Dirty Gerty's Hurdy Gurdy

GERTYHURDYGURDY

GERTYHURDYGURDY
Only the poem knows what's true

Saturday, September 25, 2010

SHELLEY, WORD!

Much has been said of nature, red in tooth and claw, and the ways in which it provides some sense of inspiration, if not revelation. I believe nature, if anything, provides one re-discovery. Via objectivity, poetic objectivity, mind you, where a person can attribute the wind with human qualities, make a zephyr cough, and actually become it, that such stuff. Or, just an impulse, hidden too long, that birds in the morning can elaborate, or the foam of a wave coming to and being receded from the shore, the way it controls our ebbs and flows, even if all is a function of human interpretation, guiding the thought that life imitates art.
In his defense on poetry, Shelley had a line memorable to every nascent artist, that is, poets are the unacknowledged legislators of the world. For some time, this mistook me. I didn't quite realize what he meant. But now, perhaps because my illness has made me closer to a "core," or because after my father's death this May, I've been in numerous existential battles, which, I've come to realize, are never won, perhaps because of this I know more about Shelley, and his inclinations via this phrase.
Poetry has the remarkable quality of revealing to us what we already know.
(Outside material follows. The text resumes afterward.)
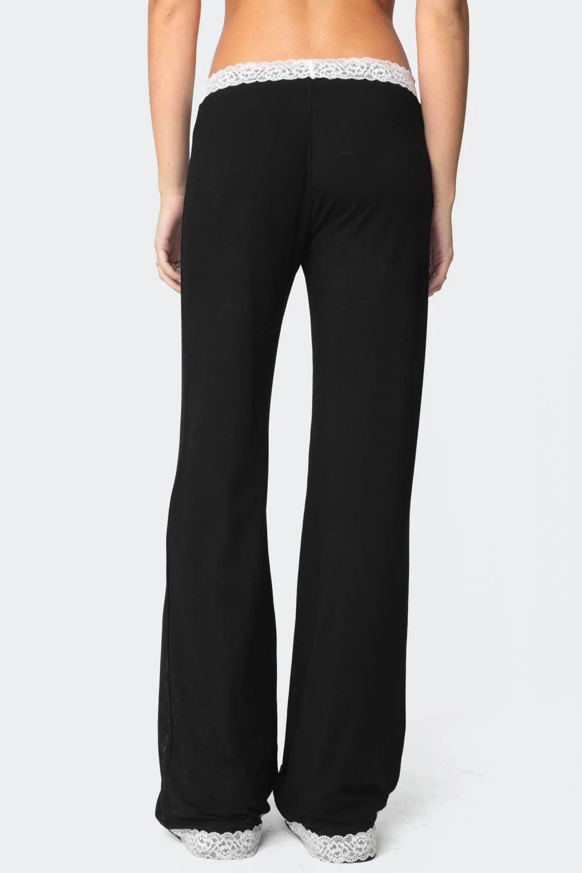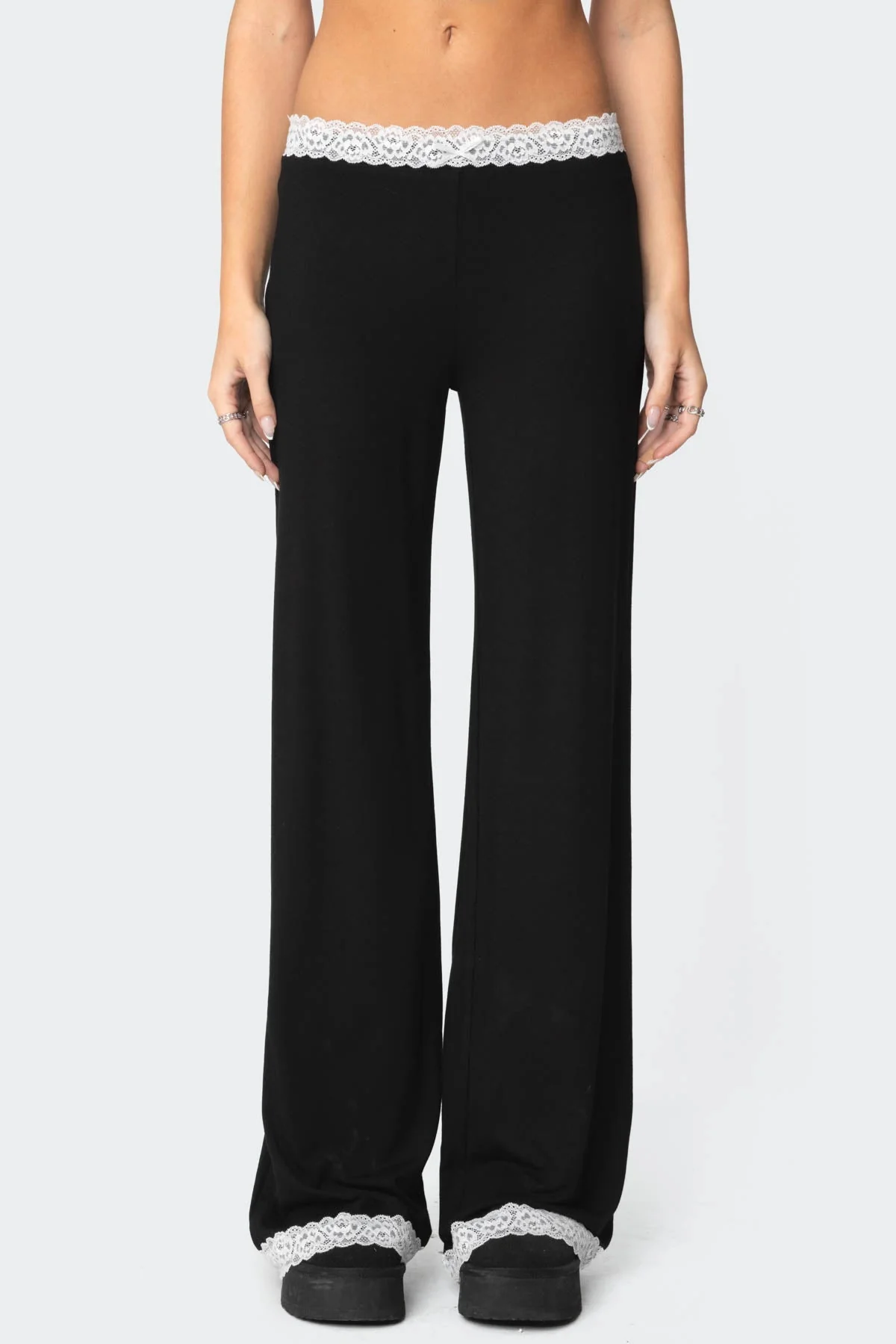 Enjoy comfort and style with our black lace trim sleepwear pants made of Rayon and Spandex. Featuring a contrast lace trim and center bow detail for a chic look. Available in sizes XS, S, M, L, and XL. Ideal for relaxing at home or a good nights sleep. Machine wash cold with similar colors for easy care.

It gives the reader an invented instinct. So, Dickinson, her certain slant of light on winter afternoons, oppresses like the weight of cathedral tunes, has the reader come to a rediscovery, about a moment or instinct this light reflects. Even more prominent is Keats' Nightingale. Its immortal song reminds anyone who reads that poem, of their own mortality, and even sets the reader into a frenzy whose climax is "do I wake or do I sleep?" And Baudelaire, describing the air at dawn as a face full of tears having them swiped away by the dawn's wind. Reading that, you're reminded not just how the dawn operates, but how things are so easily wiped away with every day, and that point in which they are destroyed, is the point in which death becomes beauty, baiting the depths of revelation.
I could go on endlessly. When Shelley set forth that phrase, I don't believe he was referring to matters of politics and whatnot. That's just the metaphor. Poets provide us something priceless, that is, setting us the rules and laws not under which we live, but under which we are re-discovered. And the poem does the same thing to a poet. When a poet finds an appropriate form, and the form the poem wants to take talks back, there is s symbiosis at stake. The poet somehow rediscovers an identity via this form; the form rediscovers an identity via the poet's inclinations. And all of this is recycled, re-created when art is given to the readers' eyes.
And, the realization is, this process goes unacknowledged. It isn't recognized by every reader. Is, in fact, assumed anonymously. But this unacknowledged state is what makes it so perfect, and profound. Because, really, the poem acts like nature. Certainly, our interpretations are at the core of its existence; but it's something there, like a zephyr's cough, to remind us how we're rediscovered. If not through the grace of space and time, at least through the grace of an unassuming line.